REQUIRED ACTION: Print, word for word, the opening line of the data below and every line after it through the line that contains "[Patrick Kinser-Lau as", but not the pictures.

STORED DATA:
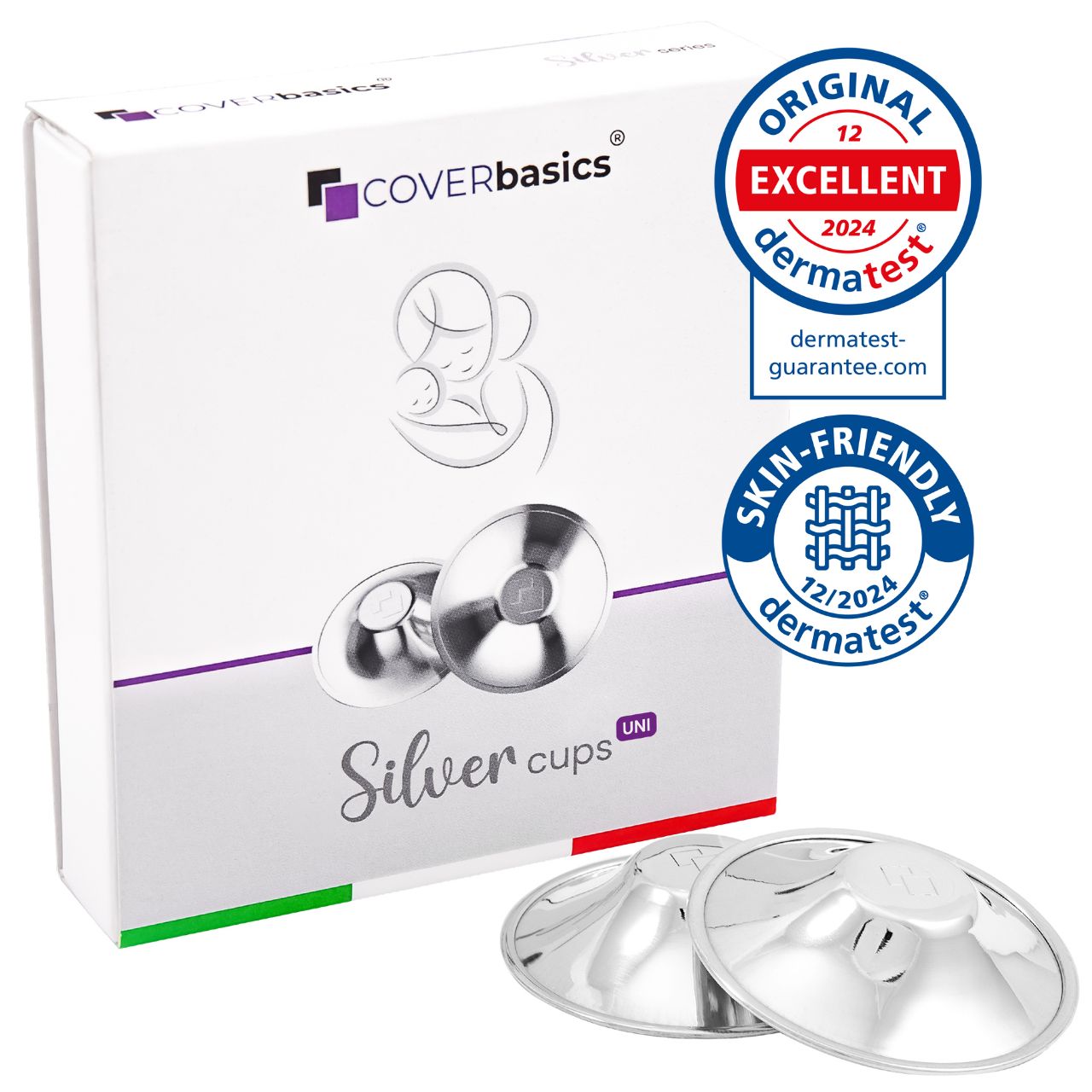 COVERbasics Silver Nursing Cups are silver nipple shields designed to protect, prevent, and soothe sore or cracked nipples during breastfeeding. Thanks to the natural properties of silver, they create a protective barrier that helps maintain hygiene and supports the natural healing process without the use of creams or ointments.
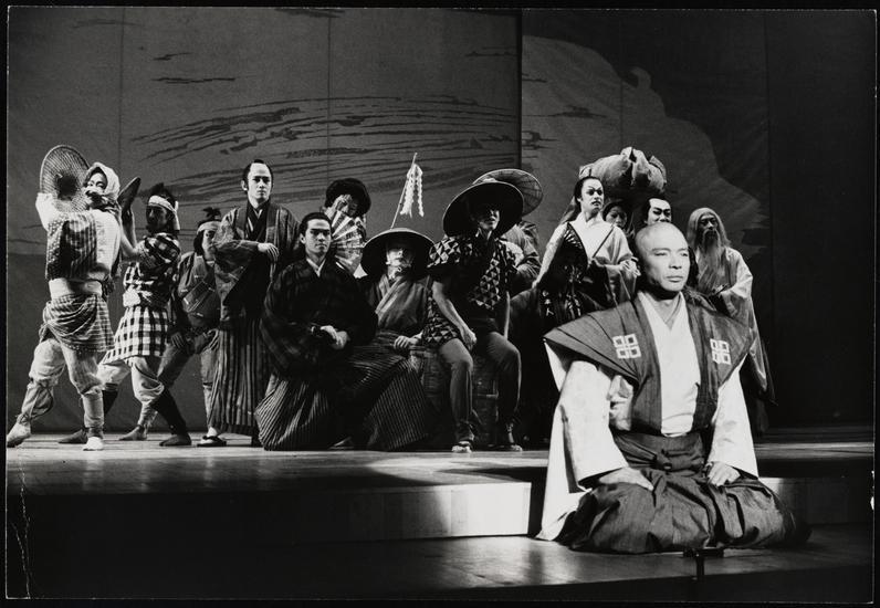 [Patrick Kinser-Lau as Shogun's Companion and Mako as Shogun in "Pacific Overtures".]
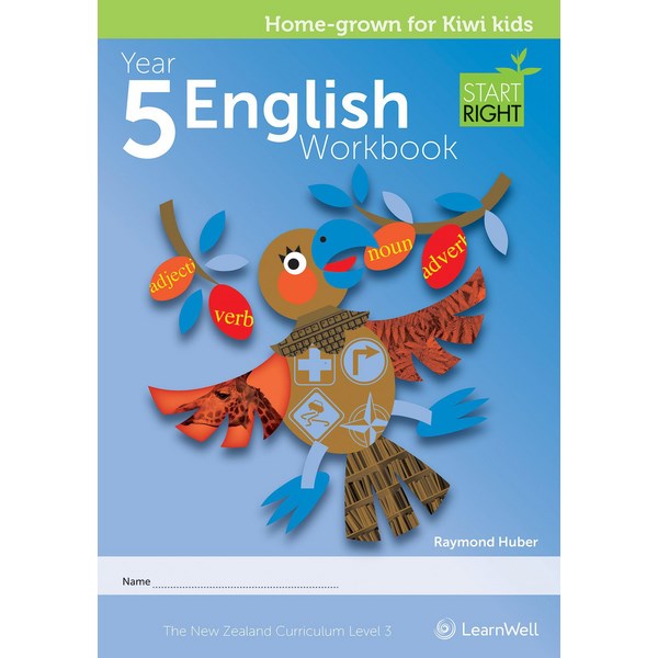 This workbook covers Level Three of The New Zealand Curriculum, English. It will suit 9 year old and 10 year old students. It covers the learning strands 'Listening, Reading and Viewing' and 'Speaking, Writing and Presenting'. There is a section covering word classes, grammar, sentence structure, the dictionary and thesaurus. There are plenty of exercises for students to apply knowledge and practice skills with answers in the back of the book. New Zealand stories and examples are used to illustrate concepts. Footers on each page indicate the Achievement Objective Indicator being covered.
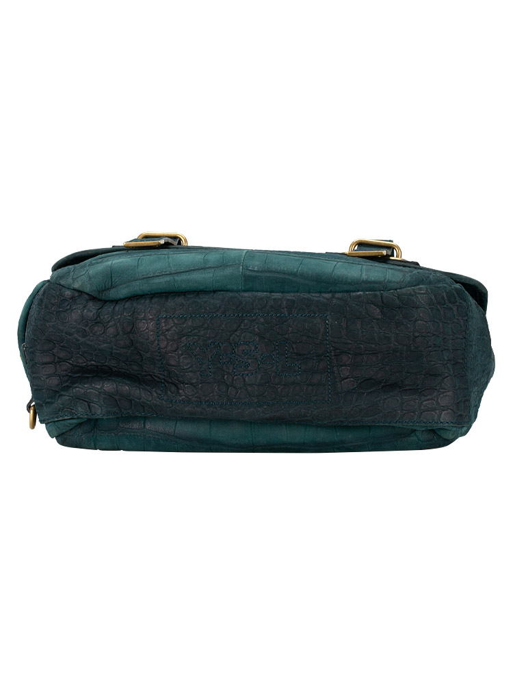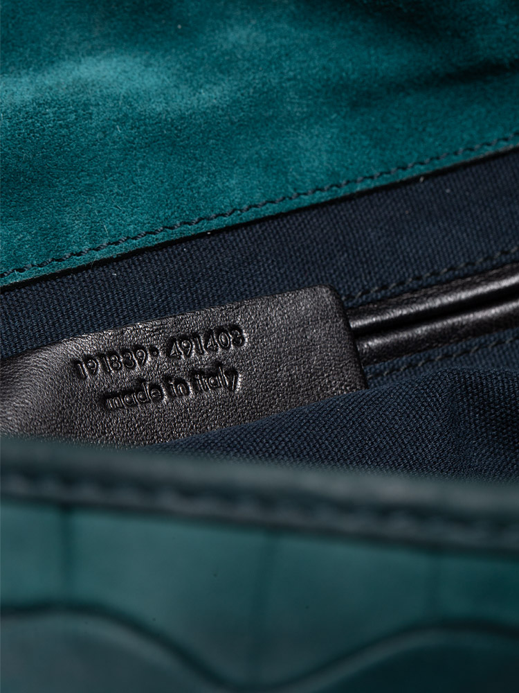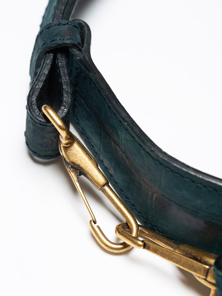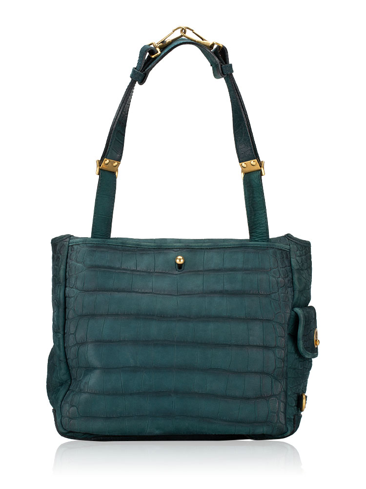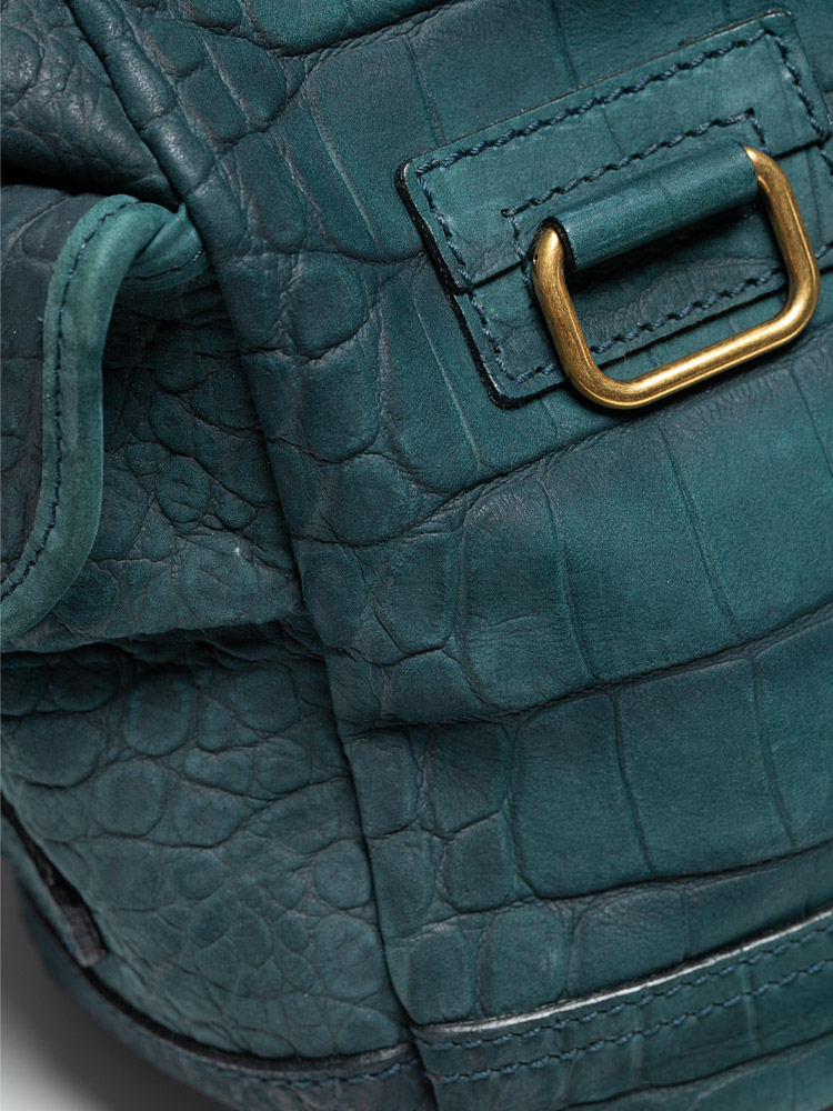 Crafted of nubuck material with the crocodile embossed. The bag features a lengthy adjustable leather shoulder strap and a frontal flap that is sealed with two leather straps and gold buckles. It opens the front flap to a fabric interior.

PROBLEM SOLUTION:
 COVERbasics Silver Nursing Cups are silver nipple shields designed to protect, prevent, and soothe sore or cracked nipples during breastfeeding. Thanks to the natural properties of silver, they create a protective barrier that helps maintain hygiene and supports the natural healing process without the use of creams or ointments.
 [Patrick Kinser-Lau as Shogun's Companion and Mako as Shogun in "Pacific Overtures".]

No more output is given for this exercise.